__DESCRIPTION OF THE TASK__: Below are entries. Give back exactly the lines from the one containing "-LAMPADA MEGA-LED--10-30V 6SMD" through the one containing "The Soldering Gun", inclusive, without the pictures.

__ENTRIES PROVIDED__:
·····

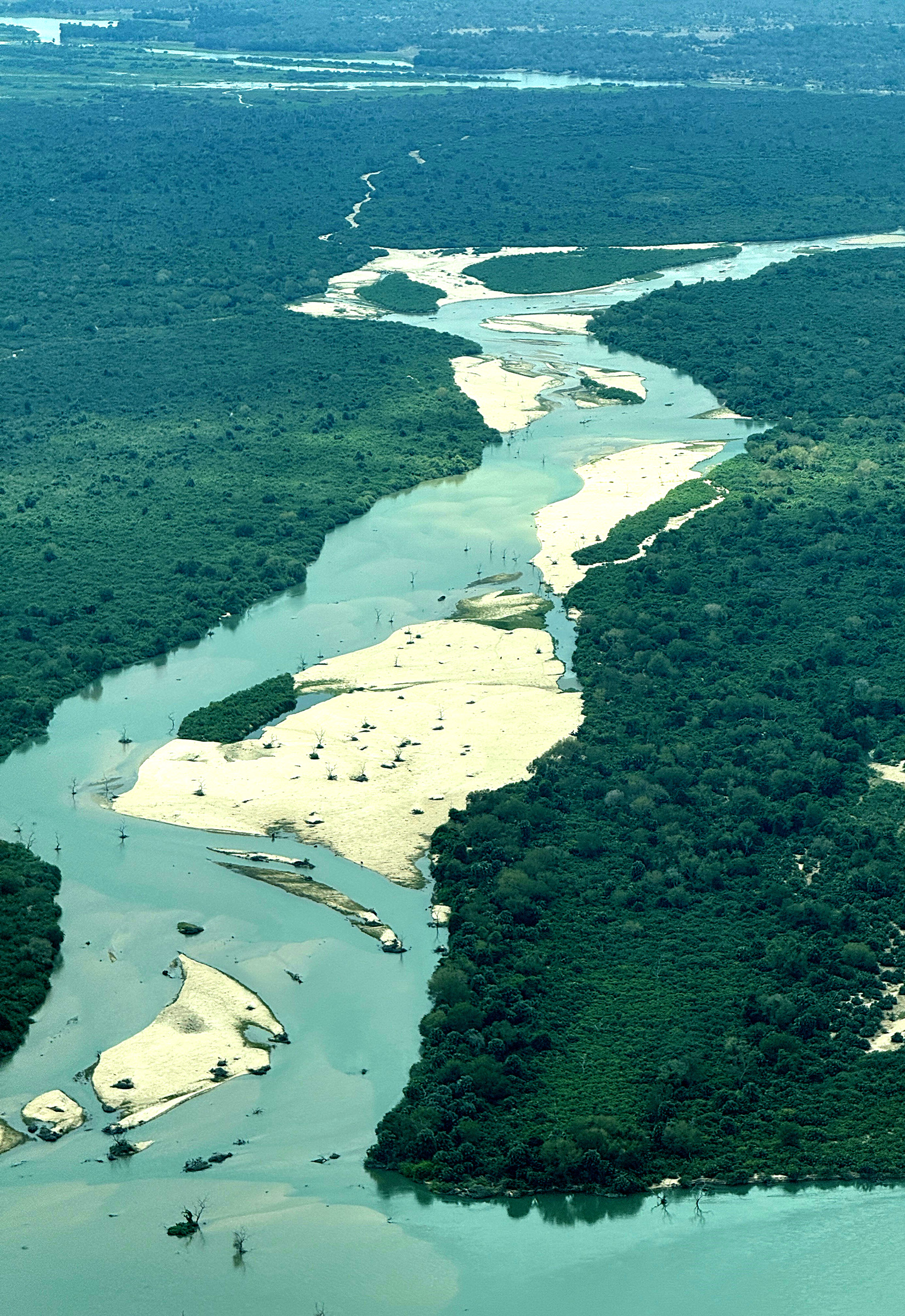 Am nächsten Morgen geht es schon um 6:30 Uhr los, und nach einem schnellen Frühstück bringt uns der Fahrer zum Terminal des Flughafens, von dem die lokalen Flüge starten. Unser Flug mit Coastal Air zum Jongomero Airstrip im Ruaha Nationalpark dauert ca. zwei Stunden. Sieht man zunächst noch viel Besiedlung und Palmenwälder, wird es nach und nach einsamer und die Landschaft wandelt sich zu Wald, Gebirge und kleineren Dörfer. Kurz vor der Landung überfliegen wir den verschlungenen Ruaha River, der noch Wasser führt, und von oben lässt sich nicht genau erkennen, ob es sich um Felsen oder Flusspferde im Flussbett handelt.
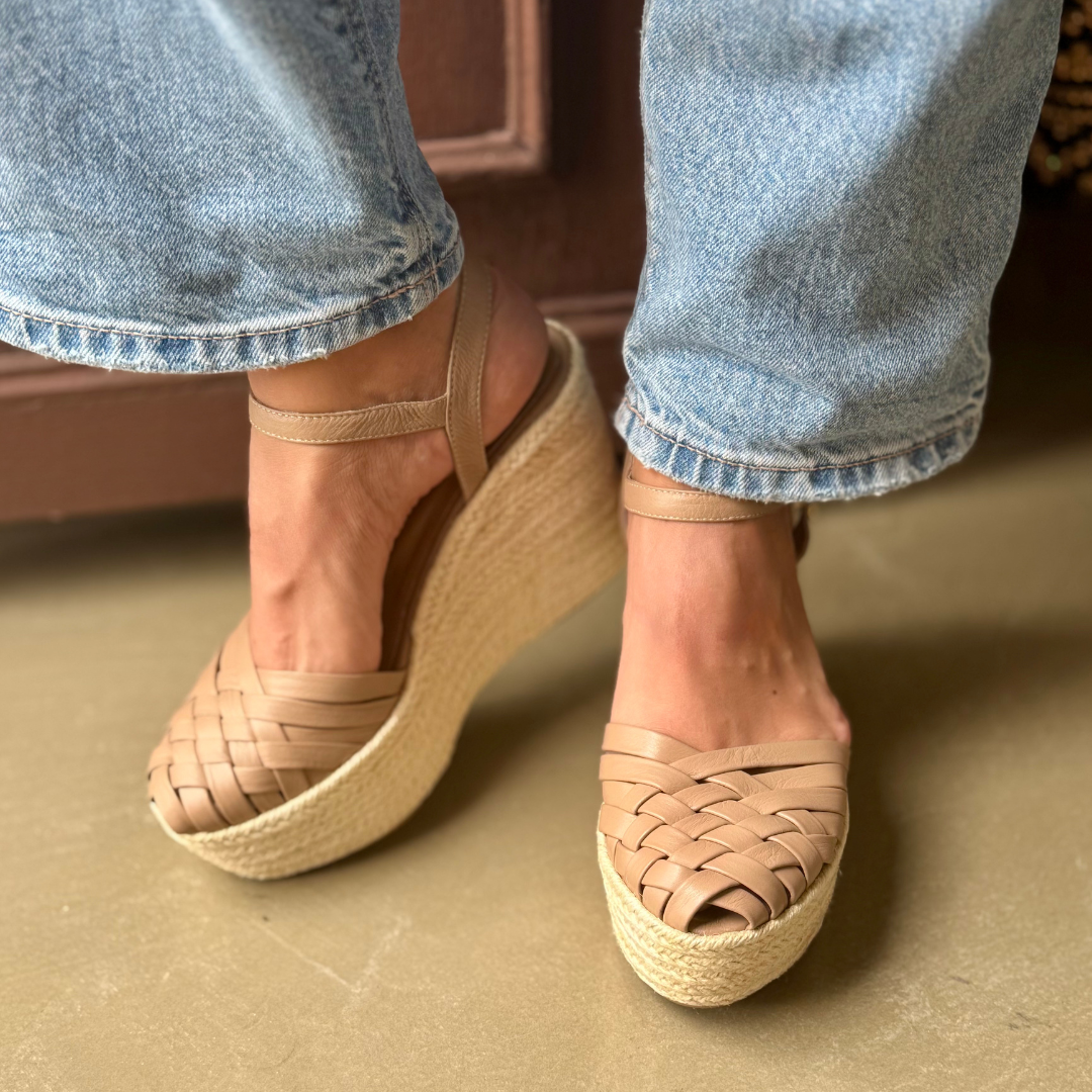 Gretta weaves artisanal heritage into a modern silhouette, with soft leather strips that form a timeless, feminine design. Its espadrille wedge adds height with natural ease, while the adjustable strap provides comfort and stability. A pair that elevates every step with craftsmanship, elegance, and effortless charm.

·····

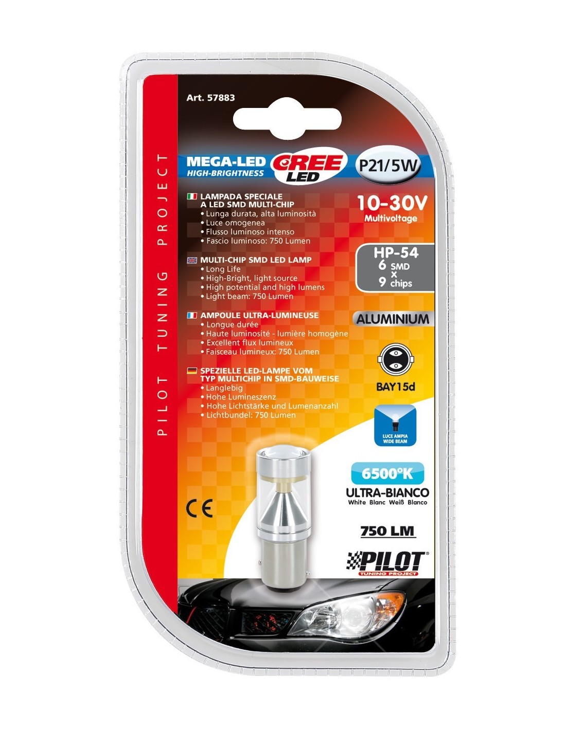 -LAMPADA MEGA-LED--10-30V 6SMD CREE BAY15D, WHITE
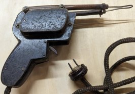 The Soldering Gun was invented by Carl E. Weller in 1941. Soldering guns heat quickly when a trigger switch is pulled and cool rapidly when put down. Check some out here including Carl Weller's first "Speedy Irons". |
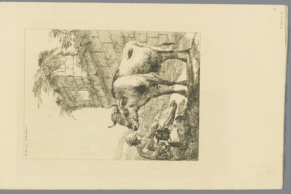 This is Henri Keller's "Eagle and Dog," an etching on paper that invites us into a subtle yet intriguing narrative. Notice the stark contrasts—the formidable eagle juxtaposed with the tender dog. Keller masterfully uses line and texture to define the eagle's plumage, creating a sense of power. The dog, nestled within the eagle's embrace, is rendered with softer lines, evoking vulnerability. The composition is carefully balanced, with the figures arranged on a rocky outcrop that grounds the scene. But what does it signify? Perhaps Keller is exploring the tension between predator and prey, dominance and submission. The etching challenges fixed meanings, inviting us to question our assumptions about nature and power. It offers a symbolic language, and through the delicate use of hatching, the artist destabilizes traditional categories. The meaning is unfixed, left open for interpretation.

·····

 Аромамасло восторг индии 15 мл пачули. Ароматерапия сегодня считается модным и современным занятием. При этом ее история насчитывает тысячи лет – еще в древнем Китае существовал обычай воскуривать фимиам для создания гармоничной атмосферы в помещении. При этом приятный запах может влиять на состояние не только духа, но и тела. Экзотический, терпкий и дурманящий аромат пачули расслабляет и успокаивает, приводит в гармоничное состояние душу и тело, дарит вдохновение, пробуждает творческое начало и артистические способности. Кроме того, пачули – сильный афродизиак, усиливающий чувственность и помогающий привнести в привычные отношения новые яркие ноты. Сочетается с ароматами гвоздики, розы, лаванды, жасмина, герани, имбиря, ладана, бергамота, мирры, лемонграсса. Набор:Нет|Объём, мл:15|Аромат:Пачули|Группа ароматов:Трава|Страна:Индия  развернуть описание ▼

·····

__TASK ANSWER__:
 -LAMPADA MEGA-LED--10-30V 6SMD CREE BAY15D, WHITE
 The Soldering Gun was invented by Carl E. Weller in 1941. Soldering guns heat quickly when a trigger switch is pulled and cool rapidly when put down. Check some out here including Carl Weller's first "Speedy Irons". |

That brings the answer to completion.